The sick girl grew restless. She plucked at the green silk coverlet, evidently attempting to throw it off. "Take it away! the green is full of arsenic!" she whispered, with all the hurried vehemence of increasing fever.

Kitty instantly exchanged the silken coverlet for the cool, white linen counterpane, which she laid smoothly over the emaciated body of the poor girl whom the mob in the wood had called "dwarf." In the glorious eyes there was now not a ray of consciousness: they rolled wildly hither and thither beneath the half-closed eyelids.

"That does me good," she said, stretching herself wearily. "And now do not let them come in again to smother me with that hot, poisonous silk. Grandmamma is false, as is all the society she gathers about her,—she and the old poisoner, the great authority. I will strike him if he ever dares to lay his hateful fingers on my breast!" she muttered, angrily, through her shut teeth. Suddenly she sat up in bed and seized Kitty's hand. "Mistrust him, Bruck!" she said, holding up her forefinger; "and grandmamma too! And she,—you know who I mean,—the one who smokes cigars, and drives the new horses furiously because you forbade it,—she is the falsest of all!"
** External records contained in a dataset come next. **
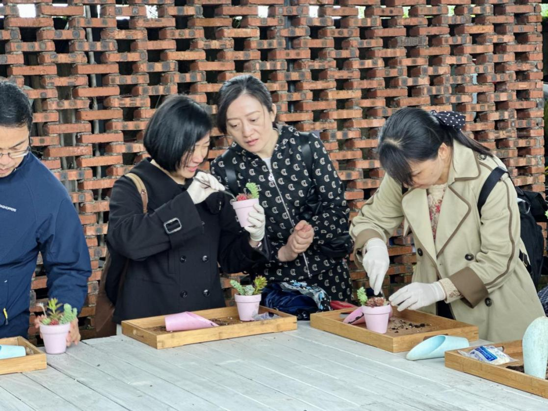 下午,老师们前往园区开展多肉DIY制作活动。在活动现场的桌子上,摆满了造型可爱的花盆、不同种类的多肉植物、泥沙土石等各类材料。老师们展现出丰富的创造力和想象力,变身为妙手花匠,一层层科学放土,一朵朵小花巧妙组合,打造出了各具特色的“多肉盆景”。活动结束后,大家纷纷举起自己满意的作品,拍照留念,记录精彩瞬间。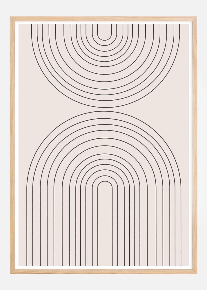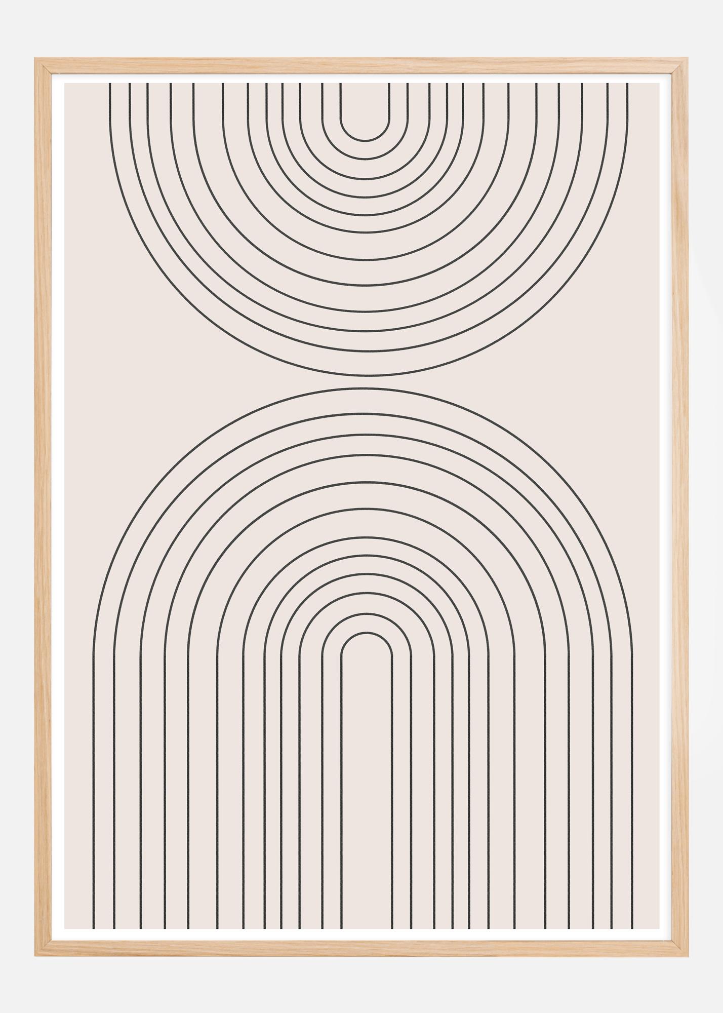 Este póster de diseño elegante presenta una serie intrincada e hipnotizante de arcos entrelazados que forman dos formas de hemisferio distintas. Con una estética sofisticada y minimalista, las líneas son exquisitas y están colocadas con precisión contra un fondo neutro y calmante, lo que lo convierte en un fondo perfecto para una decoración moderna y de tendencia. Su coloración discreta en negro sobre blanco roto facilita a los clientes encontrar y combinar esta impresión con diferentes colores y muebles.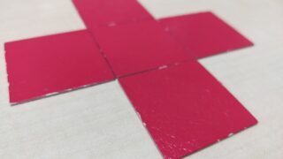 知研ボックスQ-11期【青と赤】は、青と赤のピースを用いた平面パズルで正方形・直角二等辺三角形の合成を行い、図形構成能力...

"Oh, thank you!" Flora said, in an under-tone, with a malicious smile, as she nestled in among the cushions of her chair.

Kitty was indescribably distressed as her hand was thus firmly held. She never glanced towards the doctor, for whom the delirious girl mistook her, and who stood at the head of the bed, half hidden by the Chinese screen.

"Do you remember how it all used to be?" Henriette continued. "Do you remember how the footmen used to be sent after you through wind and storm with letters, four, five a day? Do you remember how she used to rush to meet you, half wild with longing, if you did not come at the appointed moment? And how she would throw her arms around you as if nothing should ever loosen their clasp?"

At this Flora started up, her silken robes rustling, and her face as crimson as if the lately-vanished western glow had left its stain on her white cheeks. "Give her morphia!" she cried. "This is madness, rather than the delirium of fever; she must sleep."

The doctor had just before given the sick girl a teaspoonful of medicine; he did not notice Flora's words, save by the slight, fleeting smile with which one receives some ignorant and foolish suggestion, never even changing his attitude; the flush called to his cheek by Henriette's last words instantly faded, leaving him as coldly calm and impassive as before.

Flora sank back angrily in her chair, then turned away her head and looked restlessly abroad over the darkening fields.

"Did you ever believe that all could be so changed, Bruck? That she could declare it had all been a mistake?" Henriette began again, clasping both her burning hands around Kitty's right. The young girl's heart seemed to stop beating; on those fever-stricken lips were hovering the words to which no one, not even Flora herself, had yet dared to give utterance. Hastily she leaned over her sick sister and instinctively laid her left hand upon her forehead, as if she could thus divert her thoughts into another channel.